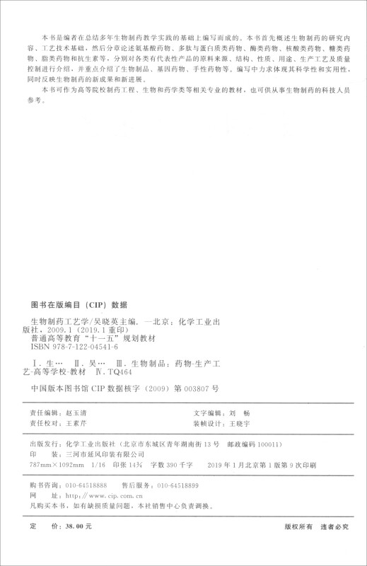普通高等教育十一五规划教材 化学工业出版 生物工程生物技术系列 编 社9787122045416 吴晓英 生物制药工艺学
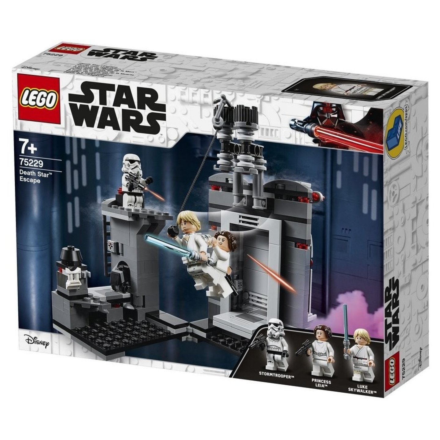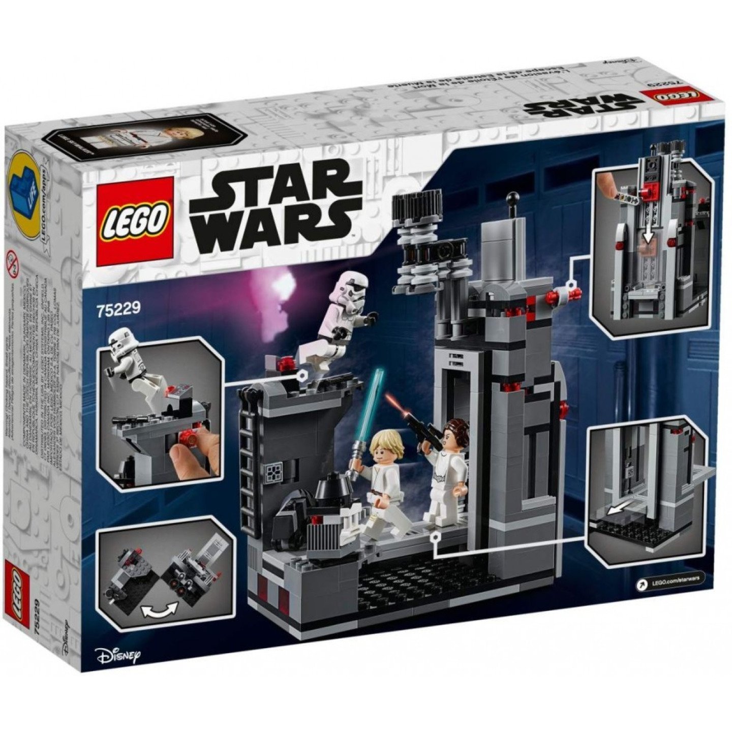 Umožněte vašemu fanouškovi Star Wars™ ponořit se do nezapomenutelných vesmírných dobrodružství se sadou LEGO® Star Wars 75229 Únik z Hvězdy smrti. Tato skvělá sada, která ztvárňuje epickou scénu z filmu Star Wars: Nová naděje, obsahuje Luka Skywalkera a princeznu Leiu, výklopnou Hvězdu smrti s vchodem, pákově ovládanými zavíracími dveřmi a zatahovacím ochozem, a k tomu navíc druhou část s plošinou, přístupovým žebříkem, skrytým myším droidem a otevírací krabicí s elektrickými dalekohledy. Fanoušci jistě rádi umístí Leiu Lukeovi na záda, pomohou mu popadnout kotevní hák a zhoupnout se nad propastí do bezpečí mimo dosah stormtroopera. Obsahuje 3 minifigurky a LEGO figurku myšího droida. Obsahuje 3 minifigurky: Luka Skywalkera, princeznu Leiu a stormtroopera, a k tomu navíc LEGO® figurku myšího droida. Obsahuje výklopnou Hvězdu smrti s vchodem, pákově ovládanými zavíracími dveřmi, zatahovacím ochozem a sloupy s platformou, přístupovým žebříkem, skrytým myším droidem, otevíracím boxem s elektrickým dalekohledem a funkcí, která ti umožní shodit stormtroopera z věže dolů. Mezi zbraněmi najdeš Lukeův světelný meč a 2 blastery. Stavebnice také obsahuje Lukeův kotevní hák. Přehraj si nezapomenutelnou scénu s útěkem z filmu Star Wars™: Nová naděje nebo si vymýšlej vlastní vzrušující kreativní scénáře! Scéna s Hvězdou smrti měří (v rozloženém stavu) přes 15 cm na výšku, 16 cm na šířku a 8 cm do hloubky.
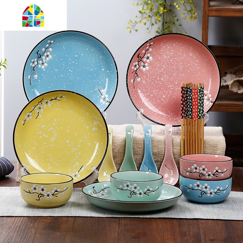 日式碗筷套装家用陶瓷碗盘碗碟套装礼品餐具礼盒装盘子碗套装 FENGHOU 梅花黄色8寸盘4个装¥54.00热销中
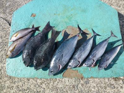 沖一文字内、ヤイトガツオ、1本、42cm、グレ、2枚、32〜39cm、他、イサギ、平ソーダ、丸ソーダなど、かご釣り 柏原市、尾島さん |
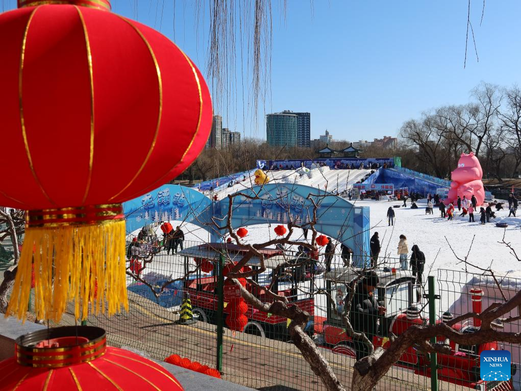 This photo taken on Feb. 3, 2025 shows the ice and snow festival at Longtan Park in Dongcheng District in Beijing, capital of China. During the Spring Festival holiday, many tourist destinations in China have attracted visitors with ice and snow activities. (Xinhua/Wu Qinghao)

★ ★ ★ ★ ★ ★ ★

**What is required:**
Copy the records above exactly, leaving out every picture.

**Problem solution:**
普通高等教育十一五规划教材 化学工业出版 生物工程生物技术系列 编 社9787122045416 吴晓英 生物制药工艺学
 Umožněte vašemu fanouškovi Star Wars™ ponořit se do nezapomenutelných vesmírných dobrodružství se sadou LEGO® Star Wars 75229 Únik z Hvězdy smrti. Tato skvělá sada, která ztvárňuje epickou scénu z filmu Star Wars: Nová naděje, obsahuje Luka Skywalkera a princeznu Leiu, výklopnou Hvězdu smrti s vchodem, pákově ovládanými zavíracími dveřmi a zatahovacím ochozem, a k tomu navíc druhou část s plošinou, přístupovým žebříkem, skrytým myším droidem a otevírací krabicí s elektrickými dalekohledy. Fanoušci jistě rádi umístí Leiu Lukeovi na záda, pomohou mu popadnout kotevní hák a zhoupnout se nad propastí do bezpečí mimo dosah stormtroopera. Obsahuje 3 minifigurky a LEGO figurku myšího droida. Obsahuje 3 minifigurky: Luka Skywalkera, princeznu Leiu a stormtroopera, a k tomu navíc LEGO® figurku myšího droida. Obsahuje výklopnou Hvězdu smrti s vchodem, pákově ovládanými zavíracími dveřmi, zatahovacím ochozem a sloupy s platformou, přístupovým žebříkem, skrytým myším droidem, otevíracím boxem s elektrickým dalekohledem a funkcí, která ti umožní shodit stormtroopera z věže dolů. Mezi zbraněmi najdeš Lukeův světelný meč a 2 blastery. Stavebnice také obsahuje Lukeův kotevní hák. Přehraj si nezapomenutelnou scénu s útěkem z filmu Star Wars™: Nová naděje nebo si vymýšlej vlastní vzrušující kreativní scénáře! Scéna s Hvězdou smrti měří (v rozloženém stavu) přes 15 cm na výšku, 16 cm na šířku a 8 cm do hloubky.
 日式碗筷套装家用陶瓷碗盘碗碟套装礼品餐具礼盒装盘子碗套装 FENGHOU 梅花黄色8寸盘4个装¥54.00热销中
 沖一文字内、ヤイトガツオ、1本、42cm、グレ、2枚、32〜39cm、他、イサギ、平ソーダ、丸ソーダなど、かご釣り 柏原市、尾島さん |
 This photo taken on Feb. 3, 2025 shows the ice and snow festival at Longtan Park in Dongcheng District in Beijing, capital of China. During the Spring Festival holiday, many tourist destinations in China have attracted visitors with ice and snow activities. (Xinhua/Wu Qinghao)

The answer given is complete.